[Email-SIG] [Python-3000] Questions about email bytes/str (python 3000)
Barry Warsaw
barry at python.org
Tue Aug 14 17:39:29 CEST 2007
-----BEGIN PGP SIGNED MESSAGE-----
Hash: SHA1
On Aug 13, 2007, at 10:22 PM, Victor Stinner wrote:
> After many tests, I'm unable to convert email module to Python
> 3000. I'm also
> unable to take decision of the best type for some contents.
I made a lot of progress on the email package while I was traveling,
though I haven't checked things in yet. I probably will very soon,
even if I haven't yet fixed the last few remaining problems. I'm
down to 7 failures, 9 errors of 247 tests.
> (1) Email parts should be stored as byte or character string?
Strings. Email messages are conceptually strings so I think it makes
sense to represent them internally as such. The FeedParser should
expect strings and the Generator should output strings. One place
where I think bytes should show up would be in decoded payloads, but
in that case I really want to make an API change so that .get_payload
(decoded=True) is deprecated in favor of a separate method.

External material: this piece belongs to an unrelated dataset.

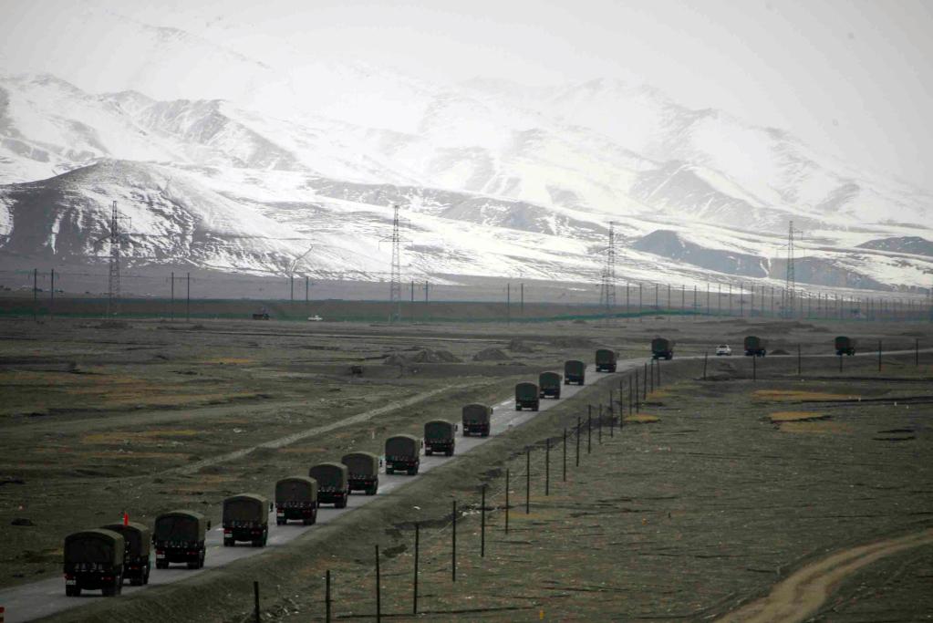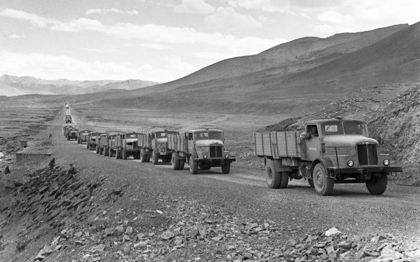 1958年,汽車(chē)隊(duì)行進(jìn)在青藏高原上。

I'm proposing other API changes to make things work better, a few of
which are in my current patch, but others I want to defer if they
don't directly contribute to getting these tests to pass.
> Related methods: Generator class, Message.get_payload(),
> Message.as_string().
>
> Let's take an example: multipart (MIME) email with latin-1 and
> base64 (ascii)
> sections. Mix latin-1 and ascii => mix bytes. So the best type
> should be
> bytes.
>
> => bytes
Except that by the time they're parsed into an email message, they
must be ascii, either encoded as base64 or quoted-printable. We also
have to know at that point the charset being used, so I think it
makes sense to keep everything as strings.
> (2) Parsing file (raw string): use bytes or str in parsing?
>
> The parser use methods related to str like splitlines(), lower(),
> strip(). But
> it should be easy to rewrite/avoid these methods. I think that low-
> level
> parsing should be done on bytes. At the end, or when we know the
> charset, we
> can convert to str.
>
> => bytes
Maybe, though I'm not totally convinced. It's certainly easier to
get the tests to pass if we stick with parsing strings.
email.message_from_string() should continue to accept strings,
otherwise obviously it would have to be renamed, but also because
it's primary use case is turning a triple quoted string literal into
an email message.
I alluded to the one crufty part of this in a separate thread. In
order to accept universal newlines but preserve end-of-line
characters, you currently have to open files in binary mode. Then,
because my parser works on strings you have to convert those bytes to
strings, which I am successfully doing now, but which I suspect is
ultimately error prone. I would like to see a flag to preserve line
endings on files opened in text + universal newlines mode, and then I
think the hack for Parser.parse() would go away. We'd define how
files passed to this method must be opened. Besides, I think it is
much more common to be parsing strings into email messages anyway.
> About base64, I agree with Bill Janssen:
> - base64MIME.decode converts string to bytes
> - base64MIME.encode converts bytes to string
I agree.
> But decode may accept bytes as input (as base64 modules does): use
> str(value, 'ascii', 'ignore') or str(value, 'ascii', 'strict').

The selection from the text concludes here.